Так ли важен абстрактный труд для понимания фетишизма? И что же такое абстрактный труд? Затраты физической силы, износ мышц, мозга, исчерпание энергии. Это одна из интерпретаций. Другая добавляет, что дело не только в затратах энергии на работу (человек устает, и ему нужно спать, есть и т.д.): если ограничиться определением абстрактного труда только лишь как исчерпанием энергии, возникает серьезная проблема. На протяжении всей истории человечества существовал труд, и на протяжении всей истории на него затрачивалась энергия. Согласно первой интерпретации получается, что абстрактный труд — нечто общее для всех эпох. Если абстрактный труд — субстанция стоимости, которая лежит в основе рынка, что мы получаем в итоге? Что рынок существовал всегда. Тогда мы, марксисты и революционеры, лишаемся каких-либо перспектив. Если рынок и капитал существовали всегда, невозможно двигаться к социализму. Но вторая интерпретация гласит: нет, физиологические затраты человеческих сил в трудовом процессе суть, скажем так, основание абстрактного труда, но это не его основное содержание, не его главная характеристика. В чем тогда заключается главная характеристика? В том, что это труд, который осуществляется в условиях непрямого общественного отношения. Проще говоря, он не планируется. Представим, что мы производители; мы не выясняем, каковы общественные потребности, чтобы производить исходя из них. Рынок регулирует a posteriori, после обмена, сколько, как и что мы производим. И предприятия ведомы поисками прибыли, а не общественными потребностями. Давая определение абстрактному труду, вторая интерпретация заключает: он — не только затраты энергии, потому что иначе все было бы одинаково для всех исторических эпох.

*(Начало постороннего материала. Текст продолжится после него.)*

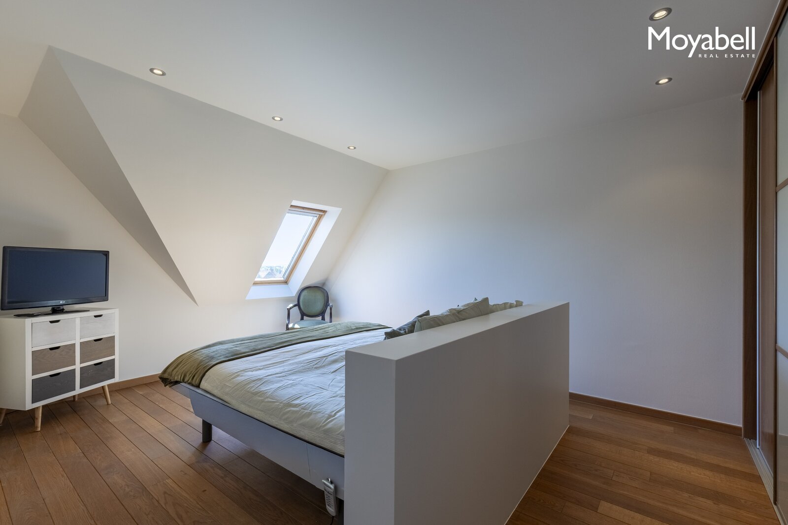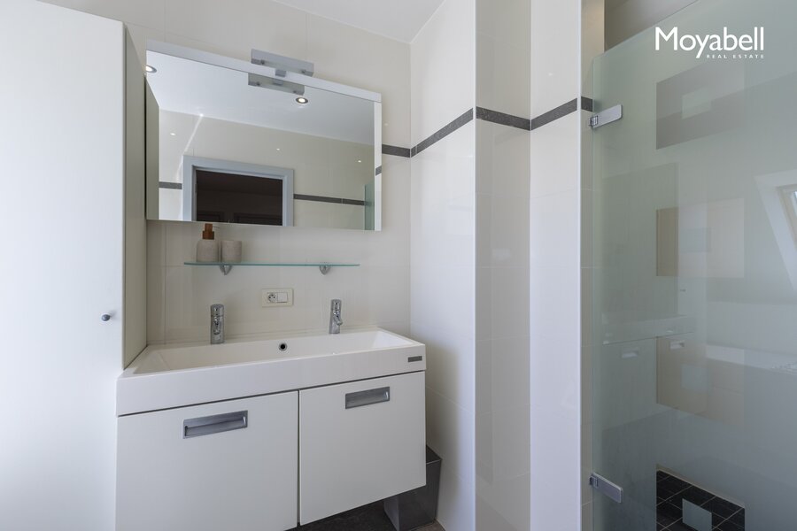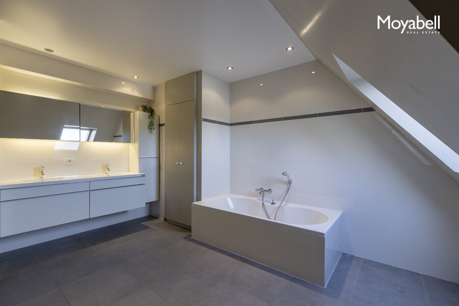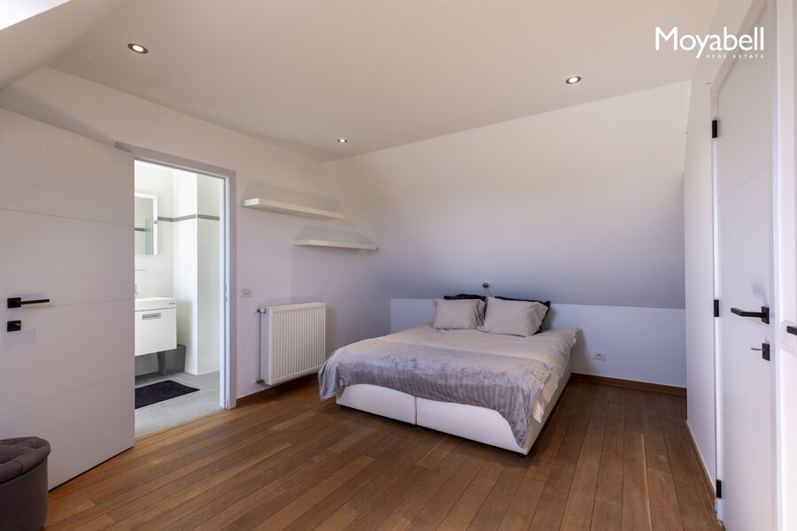 De bovenste verdieping biedt een zeer ruime polyvalente ruimte met eigen douche en apart toilet, ideaal als extra slaapkamer, bureau, fitnessruimte of dressing.
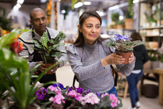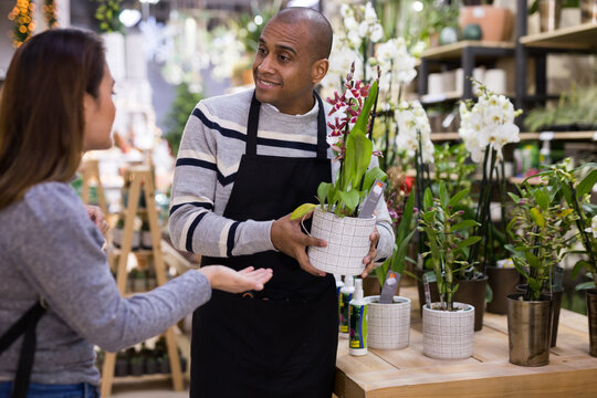 Seller helping woman to choose orchids flowers in flower shop

И цель «Капитала» Маркса — показать, что капитализм есть исторически конкретная общественная формация, что она не является общей для всех эпох. Если бы капитал существовал всегда, то революционеры не имели бы возможности бороться. Он хотел показать, что капитализм — это переходная форма.

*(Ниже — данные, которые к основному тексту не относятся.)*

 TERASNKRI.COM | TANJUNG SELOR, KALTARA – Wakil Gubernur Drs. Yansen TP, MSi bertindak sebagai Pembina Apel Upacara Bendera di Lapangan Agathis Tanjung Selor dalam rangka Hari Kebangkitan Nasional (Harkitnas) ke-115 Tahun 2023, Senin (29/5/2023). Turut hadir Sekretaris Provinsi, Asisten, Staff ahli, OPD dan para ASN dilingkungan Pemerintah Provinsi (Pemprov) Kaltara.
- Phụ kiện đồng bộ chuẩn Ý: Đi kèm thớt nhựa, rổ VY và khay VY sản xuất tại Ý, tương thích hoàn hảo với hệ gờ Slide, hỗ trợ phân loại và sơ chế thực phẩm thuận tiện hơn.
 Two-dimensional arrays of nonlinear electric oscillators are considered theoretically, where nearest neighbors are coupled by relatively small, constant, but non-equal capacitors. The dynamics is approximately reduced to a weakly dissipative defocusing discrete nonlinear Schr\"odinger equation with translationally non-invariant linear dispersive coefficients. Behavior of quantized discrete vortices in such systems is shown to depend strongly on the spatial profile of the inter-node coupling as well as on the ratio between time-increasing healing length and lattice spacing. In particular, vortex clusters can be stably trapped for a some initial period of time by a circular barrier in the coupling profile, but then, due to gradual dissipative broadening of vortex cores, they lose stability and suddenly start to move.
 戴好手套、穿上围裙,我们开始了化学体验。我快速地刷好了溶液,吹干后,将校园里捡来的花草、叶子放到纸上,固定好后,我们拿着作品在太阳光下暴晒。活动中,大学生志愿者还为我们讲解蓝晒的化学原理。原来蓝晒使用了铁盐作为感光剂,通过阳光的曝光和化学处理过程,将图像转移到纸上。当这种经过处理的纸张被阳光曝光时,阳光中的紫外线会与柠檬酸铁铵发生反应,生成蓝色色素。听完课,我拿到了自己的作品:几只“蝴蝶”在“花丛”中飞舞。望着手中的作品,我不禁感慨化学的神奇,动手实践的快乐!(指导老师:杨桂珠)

С.П.: «Товарный фетишизм и его тайна» — это четвертый параграф первой главы «Капитала», но единственное ли это место в книге, где появляется тема фетишизма? И еще один вопрос: поскольку мы говорим о товарном фетишизме, также приходится затрагивать фетишизм капитала, денег, которые суть товар, но товар особый…

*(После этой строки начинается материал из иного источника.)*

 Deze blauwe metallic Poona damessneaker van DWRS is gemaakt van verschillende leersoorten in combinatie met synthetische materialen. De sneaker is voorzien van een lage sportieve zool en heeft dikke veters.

Н.К.: На протяжении длительного времени один француз, очень знаменитый в свое время, Луи Альтюссер, чья латиноамериканская ученица Марта Харнеккер была и остается очень известной на нашем континенте, настаивал на том, что теория фетишизма — этакая инкрустация «Капитала», причем украшающая его лишь в начале и лишь в качестве некой ностальгии по юношеским философским увлечениям Маркса, от которых он отошел в зрелости. Более того, Альтюссер рекомендовал не обращать на нее внимания и читать «Капитал» дальше, пропуская данный раздел. Сегодня, думаю, существует достаточно прочный консенсус среди исследователей по поводу того, что теория фетишизма проходит через весь «Капитал», присутствует во всех частях. Так, она есть в начале, в этом параграфе, таком коротком и таком трудном, а также и в третьем томе, в 24 главе, где Маркс говорит о банковском проценте, который сегодня правит миром. Также она есть в 48 главе, где говорится о формах дохода и «триединой формуле», как это называет Маркс, иронически используя религиозное выражение. И еще она есть в приложении к четвертому тому «Капитала» под названием «Критическая история прибавочной стоимости».
Существует товарный фетишизм, но есть также фетишизм денег, есть фетишизм капитала, и есть высшая степень фетишизма, говорит Маркс: банковский процент. Некто кладет 100 долларов, 100 евро, 100 боливаров, 100 песо в банк, и через месяц там появляются 110. Волшебным образом деньги разрослись, как разрастается растение. Сами по себе. Никто их не трогал, никто ничего не делал. Капитал генерируется сам собой. Он самооплодотворяется и порождает жизнь. Маркс говорит, что это — высшая степень фетишизма, и сейчас, в XXI веке, через много лет после Маркса, она распространилась в глобальном масштабе. Почему деньги правят миром, а капитал в своей денежной, финансовой форме создает иллюзию, что он самовоспроизводится даже вне человеческого труда, независимо от трудовой деятельности миллиардов людей со всей Земли? 10 единиц, что ты получаешь в конце месяца, если положил 100, в действительности созданы человеческим трудом. Это часть прибавочной стоимости, часть денег, не заплаченных хозяевами рабочим. Таким образом, банковский процент, который сегодня управляет миром, на самом деле является следствием эксплуатации рабочего класса.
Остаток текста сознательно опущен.